Quels sont vos besoins actuels mais aussi vos difficultés ? Nous avons déjà mis en place des ateliers professionnels (couture et broderie) et nous souhaitons en initier de nouveaux (informatique en particulier). Actuellement, nous avons un projet de construction d’un centre de formation professionnelle à Estalef. Nous recherchons des fonds pour pouvoir réaliser ce projet vital dans cette ville.

Vous allez régulièrement à Estalef ? Ne craignezvous pas pour votre sécurité ? L’école a-t-elle subi des attaques ou des destructions ? Nous n’avons jamais eu de problème de sécurité. Les habitants ont aussi contribué à l’achat et à l’aménagement, ce qui facilite bien des choses. Mais c’est clair que le pays a beaucoup de problèmes, politiques, économiques, sociaux. En Afghanistan, partout, il y a des risques comme dans le monde entier. Mais cela ne m’empêche pas de me rendre sur place régulièrement.

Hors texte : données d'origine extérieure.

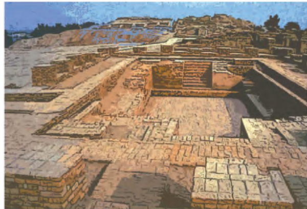
The Great Bath at Mohen-jo-daro

A spacious bath has been discovered at Mohen-jo-daro. The tank in the Great Bath was nearly 2.5 metres deep. It was 12 metres long and 7 metres wide. It was lined with baked bricks to prevent seepage of water. There were steps leading down to the tank. There was also a provision for draining, cleaning and re-filling the tank from time to time.
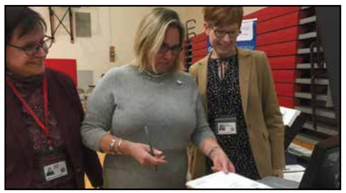
The county's new voting machines were on display at my West Chester Senior Expo.

I was pleased to vote in favor of Pennsylvania's most significant improvements to our elections in the last 80 years. Act 77 of 2019 creates a new option to vote by mail up to 50 days before an election, extends the deadline to register to vote by 15 days and helps pay for safer, more secure voting systems with a paper trail. This legislation will take effect for the April 2020 primary election. My office can help answer any questions on the new voting laws.
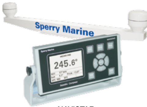
NAVISTAR Satellite Compass
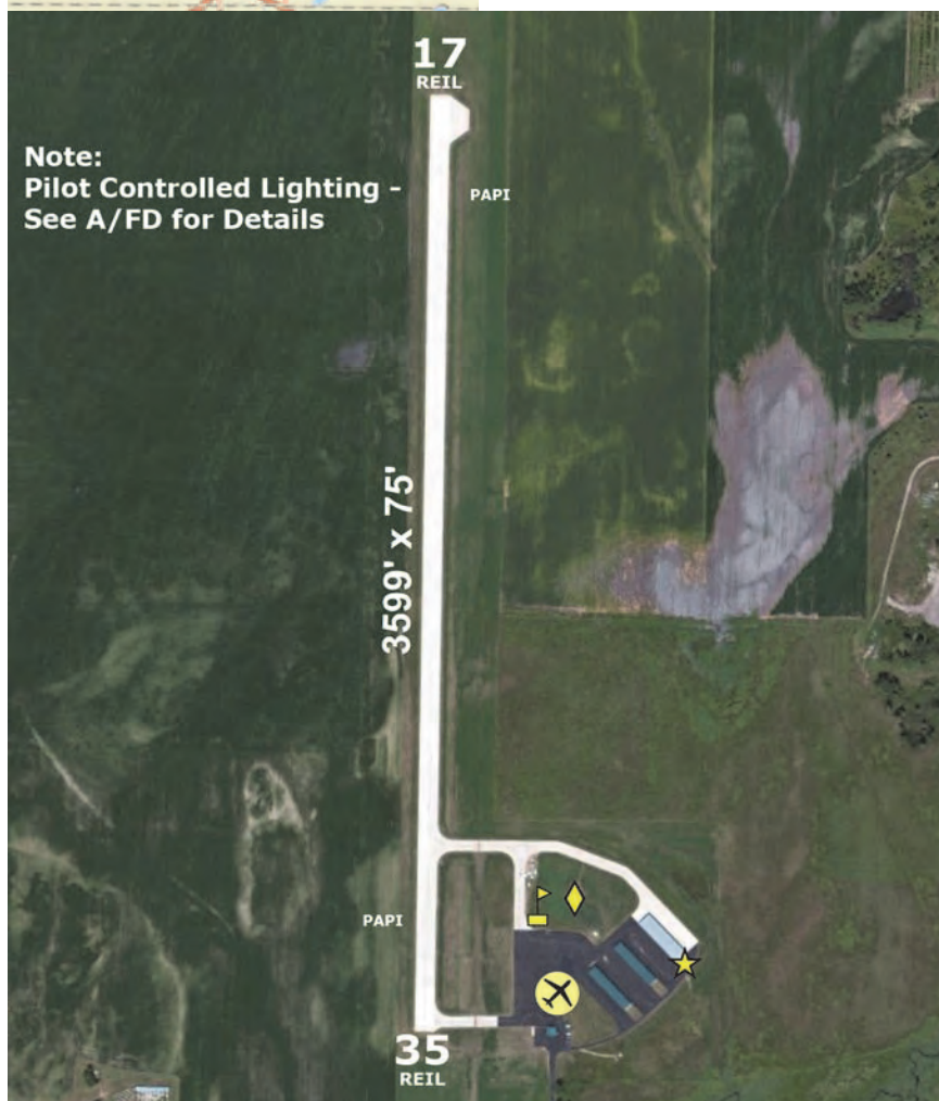
Windom Municipal Airport

Quelles réflexions tirez-vous de cette expérience pour ce qui concerne l’avenir de l’Afghanistan ? A titre personnel, l’Afghanistan, que j’ai du fuir en 1990, m’a donné beaucoup d’opportunités. Actuellement, je suis entre deux pays que j’aime beaucoup. Nous avons été capables dans une logique citoyenne et associative de réaliser ce projet à force de persévérance. Si les aides des États étaient beaucoup plus importantes pour ce qui concerne les besoins de la population afghane dans les domaines éducatifs, sociaux et culturels nous pourrions réaliser beaucoup de projets similaires. En alliant la solidarité ici, avec un dialogue constructif avec la population afghane là bas, nous apporterions une contribution essentielle à la construction d’un avenir de paix pour ce pays meurtri par la guerre. Les forces pour cela existent en Afghanistan. Le peuple afghan a besoin de nous.